News Release

How the brain learns during sleep

Sleep helps to consolidate memories

Peer-Reviewed Publication

Ruhr-University Bochum

Bochum Research Team

image: Hui Zhang and Nikolai Axmacher view more 

Credit: RUB, Kramer

Researchers from Ruhr-Universität Bochum and the University of Bonn have investigated which activity patterns occur in the brain when people remember or forget things. They were interested in how the brain replays and stores during sleep what it had learned before. The team recorded the brain activity of epilepsy patients who had electrodes implanted into their brain for the purpose of surgical planning. One result: During sleep, the brain even reactivates memory traces that it can no longer remember later on.

Dr. Hui Zhang and Professor Nikolai Axmacher from the Department of Neuropsychology in Bochum describe the results together with Associate Professor Dr. Juergen Fell from the Department of Epileptology in Bonn in the journal Nature Communications, published on 5 October 2018.

Learning task before afternoon nap

For the experiment, the test participants were given a series of pictures to memorise. They then took an afternoon nap. When looking at a picture, the activity in the brain shows a pattern that differs somewhat from picture to picture. The researchers were able to measure these differences in high-frequency activity fluctuations - called gamma band activity. They analysed brain activity not only during the learning task, but also during sleep. They then tested which images the participants could remember after sleep and which they could not.

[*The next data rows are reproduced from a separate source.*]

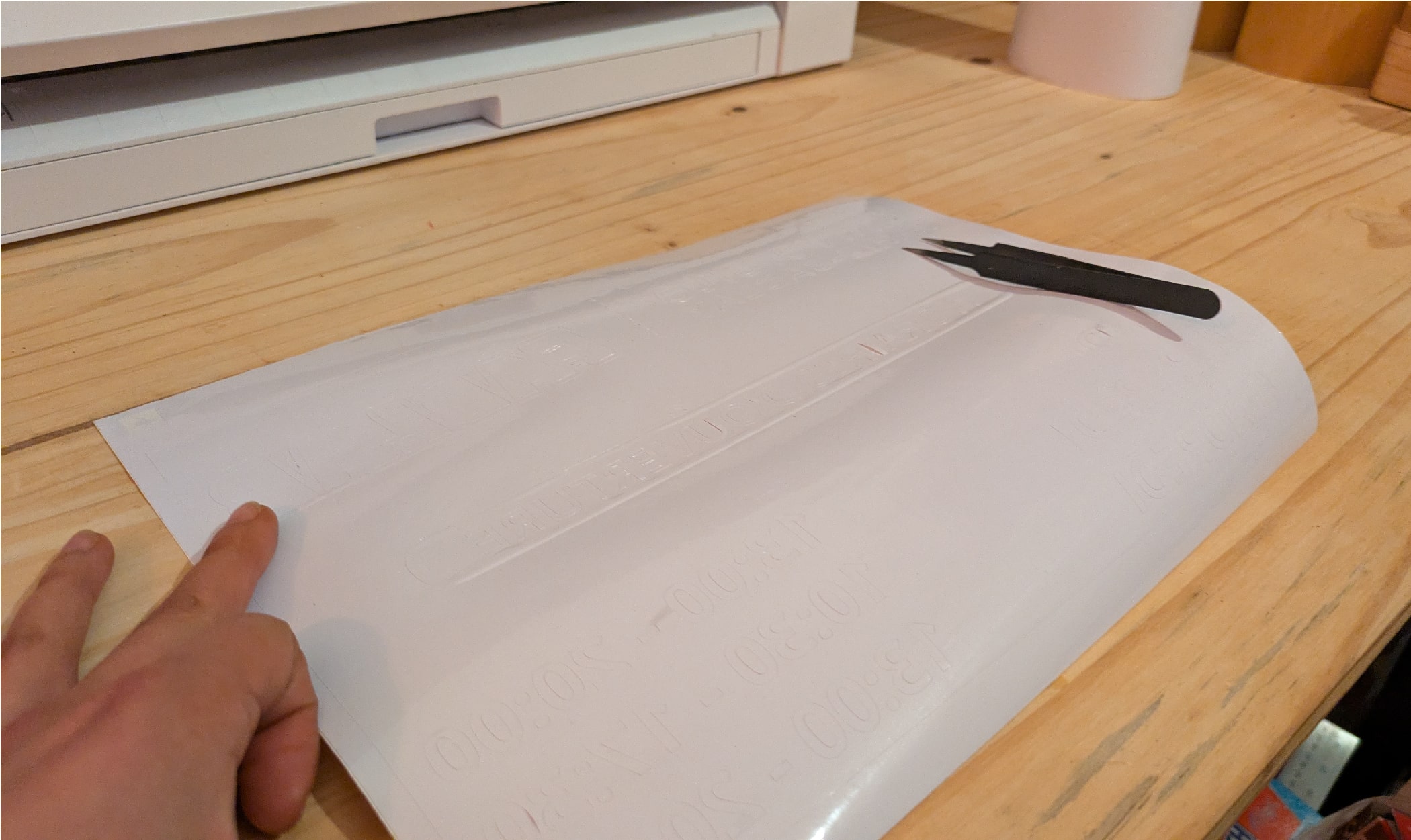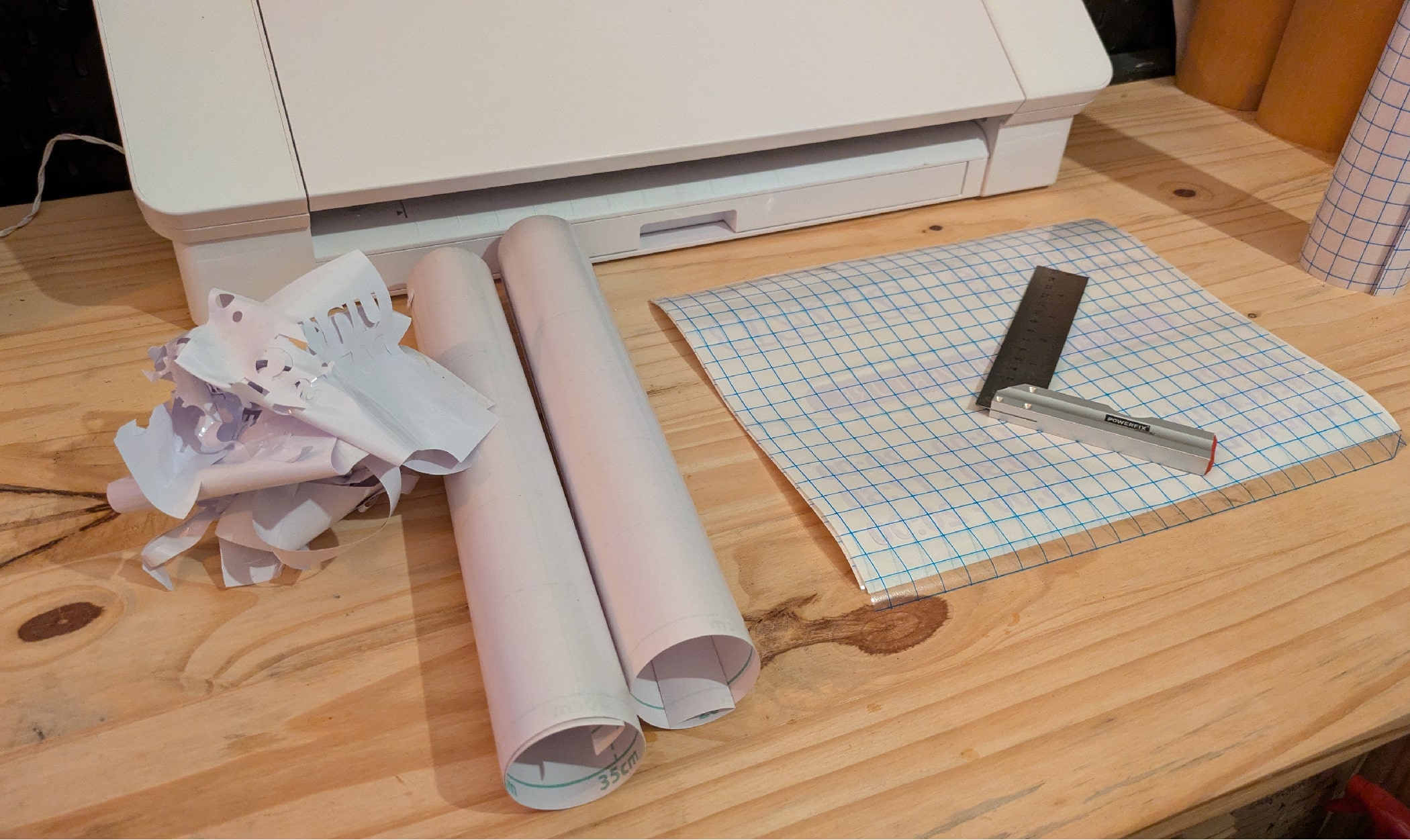 Final material, placed on a transfer sticker, ready to be stuck. And a pile of sticker waste, that I could have anticipated.
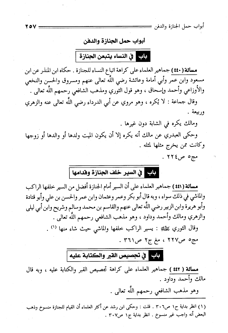 (¬1) انظر بداية ح 1 ص 306. قلت: وحكى ابن رشد عن أكثر العلماء أن القيام للجنازة منسوخ وذهب البعض أنه واجب غير منسوخ. انظر بداية ج 1 ص 307.
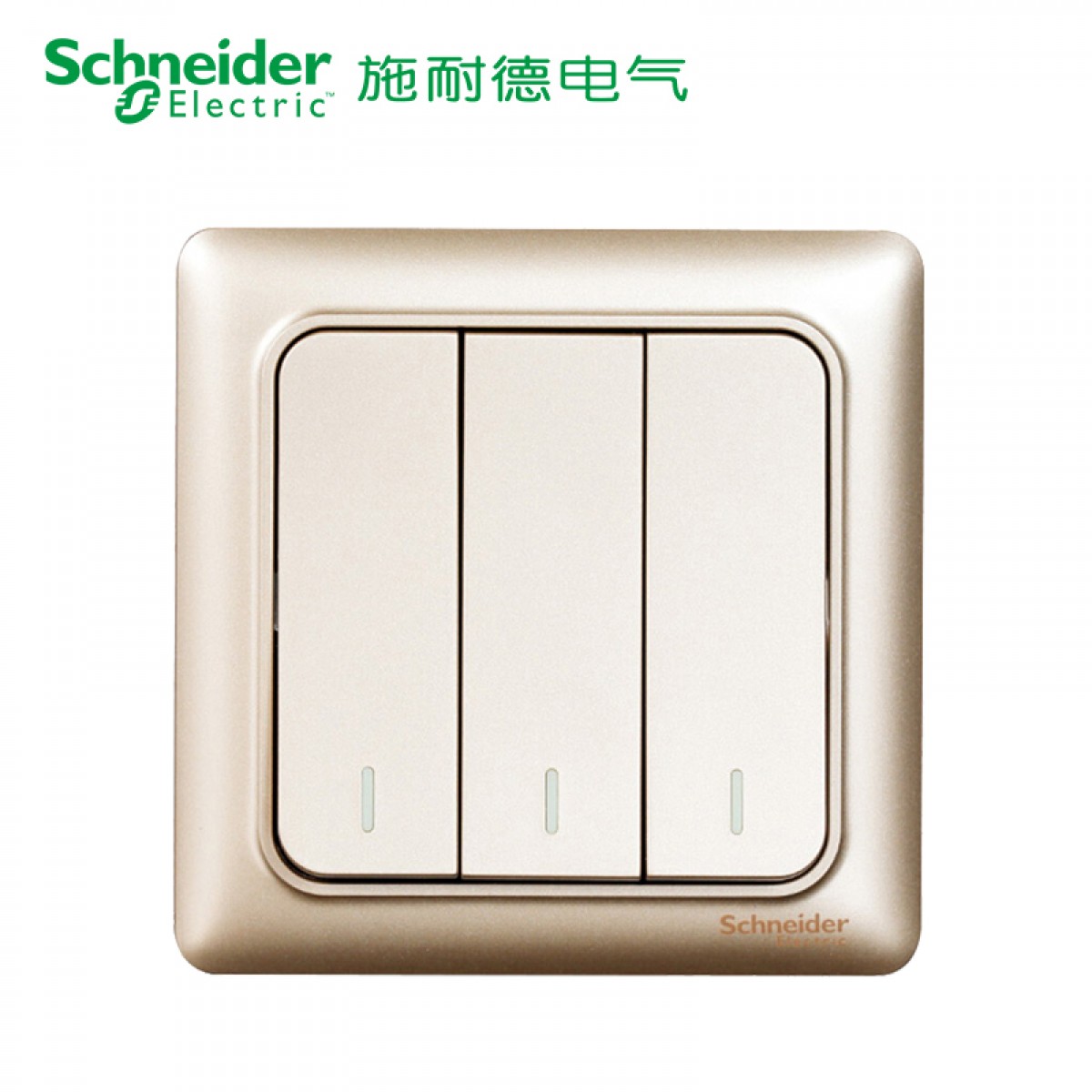 施耐德 面板开关 三开三位三联单控 墙壁电源开关插座面板 睿意金
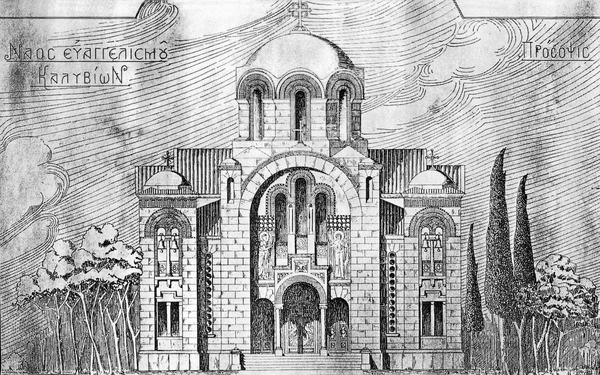- Η πρόσοψη του ναού του Ευαγγελισμού της Θεοτόκου στο αρχικό σχέδιο του Α.Κ. Ορλάνδου
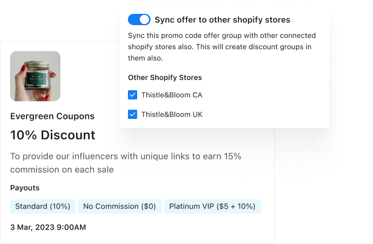 - Multiple Shopify Store Support: Generate cascading offers through one Shopify store and choose to activate offers on their other connected Shopify stores.
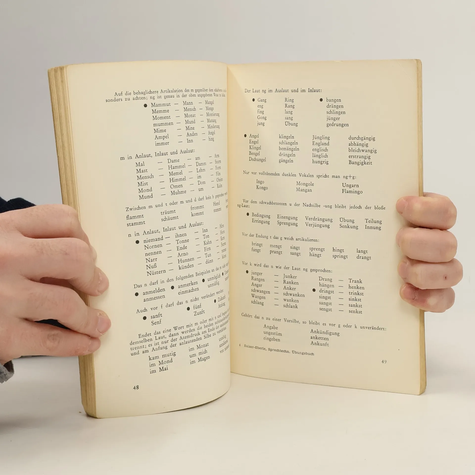 Dieses von Vera Balser-Eberle geschriebene Übungsbuch ist ein Standardwerk der deutschen Ausspracheschulung. Es will sowohl den Lernenden als auch den Lehrer in seinen Bemühungen um ein richtig gesprochenes Deutsch und um die Kräftigung der Stimme unterstützen. Die Übungen setzen sich zusammen aus Gegenüberstellungen ähnlich klingender Wörter, aus einfachen Sätzen, in denen die z. T. vorher geübten Wörter im Zusammenhang erscheinen, aus Rufübungen u. v. m.
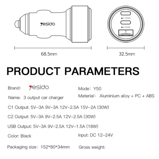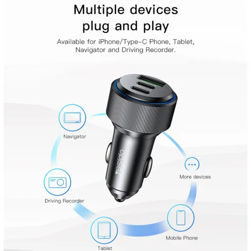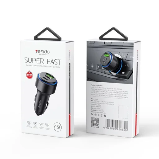 A Yesido Y50 autós töltővel a modern technológia és a megbízhatóság találkozik. Szerezze be most, és élvezze a gyors és biztonságos töltést minden utazása során!
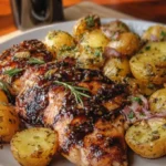 This dish combines bright flavors with comforting textures, featuring marinated chicken and roasted potatoes that are great for any occasion.
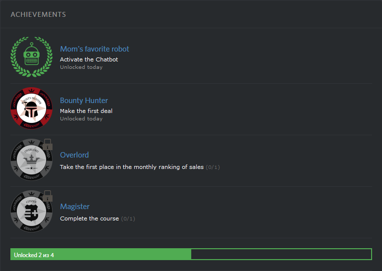 Набор значков и наград, которые пользователи могут собирать за выполнение определенных действий и заданий.
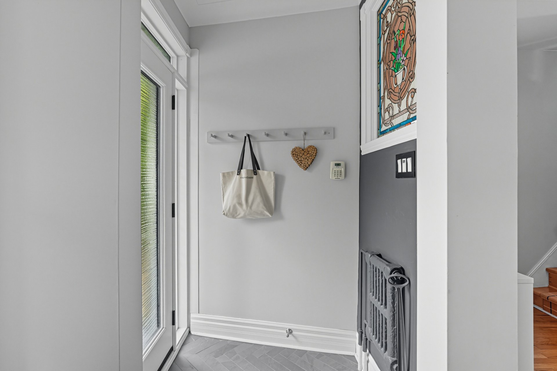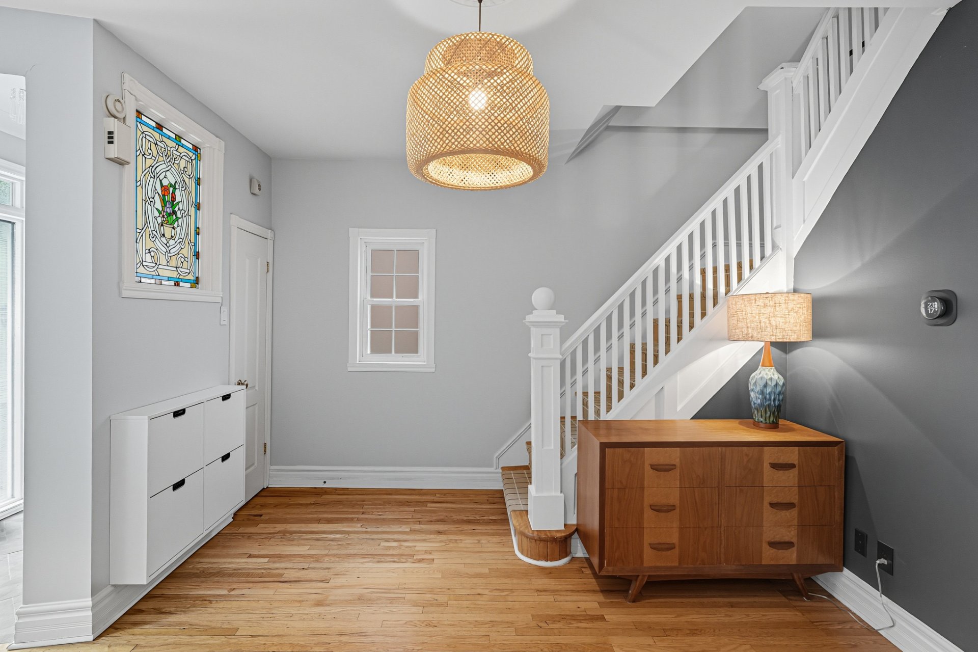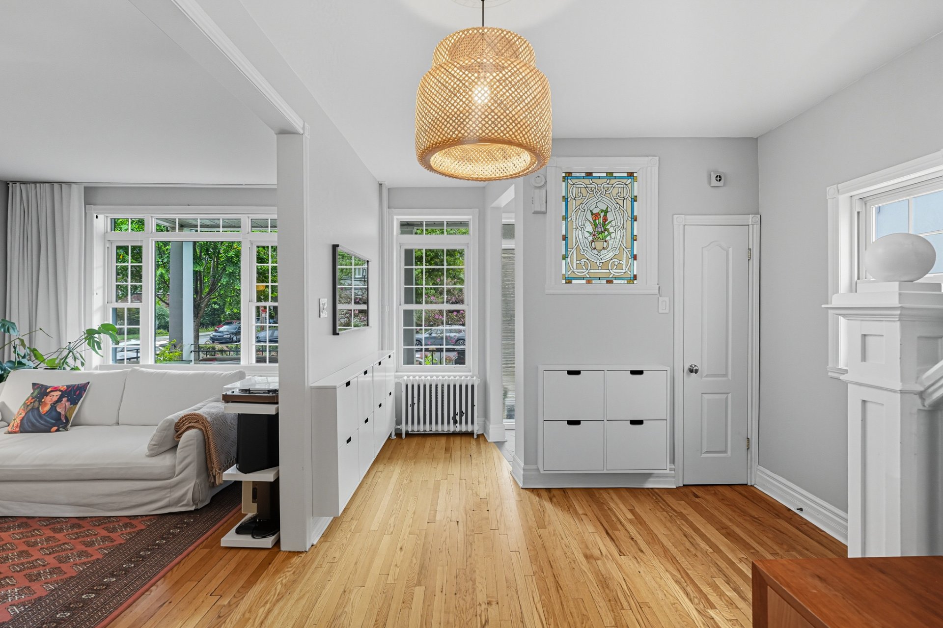 + Enclosed vestibule and spacious central hall with storage

Brain reactivates memory traces

The gamma band activity that was typical of certain motifs occurred not only when looking at the images, but also during sleep. The brain reactivated the activity patterns - both for images the participants later remembered and for those they later forgot. "The forgotten images do not simply disappear from the brain," concludes Hui Zhang.

Two types of brain activity decisive

The decisive factor in whether an image was forgotten or retained was not the reactivation of the image-specific gamma band activity, but the activity in a brain region that is important for memory: the hippocampus. This region shows extremely rapid fluctuations in activity, called ripples. A picture was only recalled later on when the reactivation occurred at the same time as the ripples in the hippocampus. This phenomenon only occurred during certain sleep phases, but not when the participants were awake.

Specifically, whether an image is remembered or not depended on another factor, namely how detailed the image was processed in the brain. The researchers differentiated the gamma band activity measured when viewing the images into a superficial and a deep processing stage. The superficial processing took place during the first half second after the presentation of the image, the deeper processing after that. Only when the gamma band activity from the deep processing phase was reactivated during the ripples did the participants later remember the image. If the activity from the early processing phase was reactivated, the image was forgotten.